Daddy Katz Kustom Kulture
Presents
Bicycle and Mini Bike Show & Kruze-In
Saturday Feb 6th 11am – 6 pm

Load in starts at 10am – all contestants must be in by 1pm
Judging starts at 2pm - trophies at 3pm
Open to all age groups
Cash and Trophy's
Stock, Original, Custom, Rat, and Age (15 and under) 
$5 per entry.
Sign up day of event
Food and Drink for sale at event...	
Larger space than last year !! We have the whole back of the building

New This year...Limited indoor swap space 
10x10...$15 each space. Pre-register
Free outdoor swap space
...it may be a warm day…who knows !!

Daddy Katz - 3250 Kettering Blvd, Dayton,Ohio 45429 - 937-296-0347 – http://www.daddykatz.com


----------



## npence (Feb 5, 2010)

This show has been canceled do to the snow. The new date is March 6th.


----------



## partsguy (Feb 5, 2010)

DAMN! I've been looking forward to this show and working my butt off to get my bike ready-grrrr!

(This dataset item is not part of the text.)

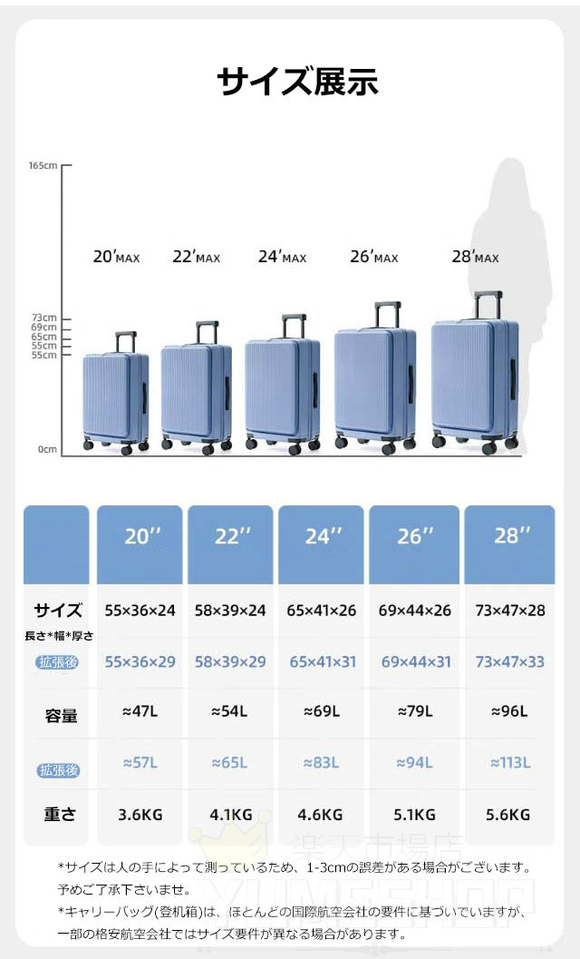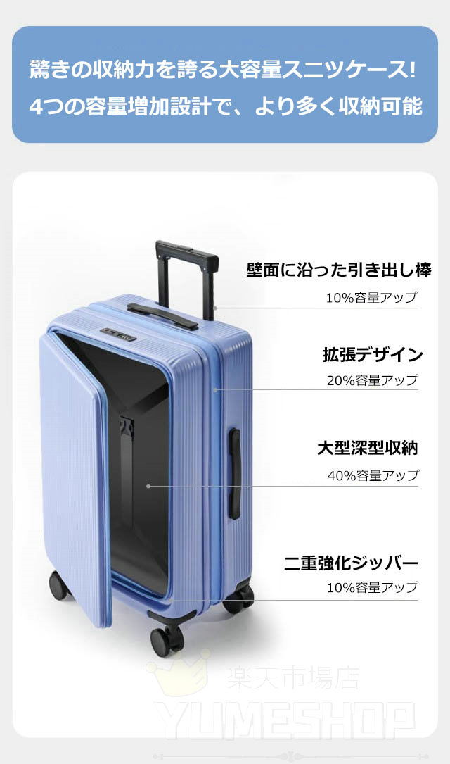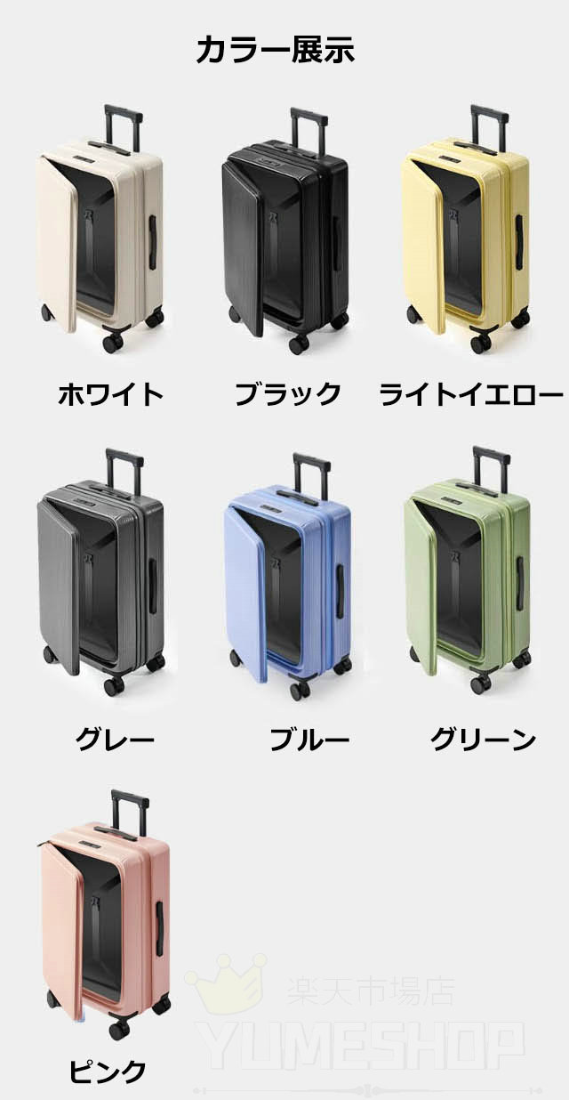 スーツケース 片開き 拡張 キャリーケ バッグ 小物 ブランド雑貨 特集 ホワイト ブラック ライトイエロー グレー ブルー グリーン ピンク 20inch 22inch 24inch 26inch

Just my luck.


----------



## JLarkin (Feb 6, 2010)

> and working my butt off to get my bike ready




How would you go to Dayton and Indy both?


----------



## partsguy (Mar 6, 2010)

TODAY IS THE BIG DAY!!!!! I will have my all original black 1963 Huffy survivor on display and will be selling parts outside.


----------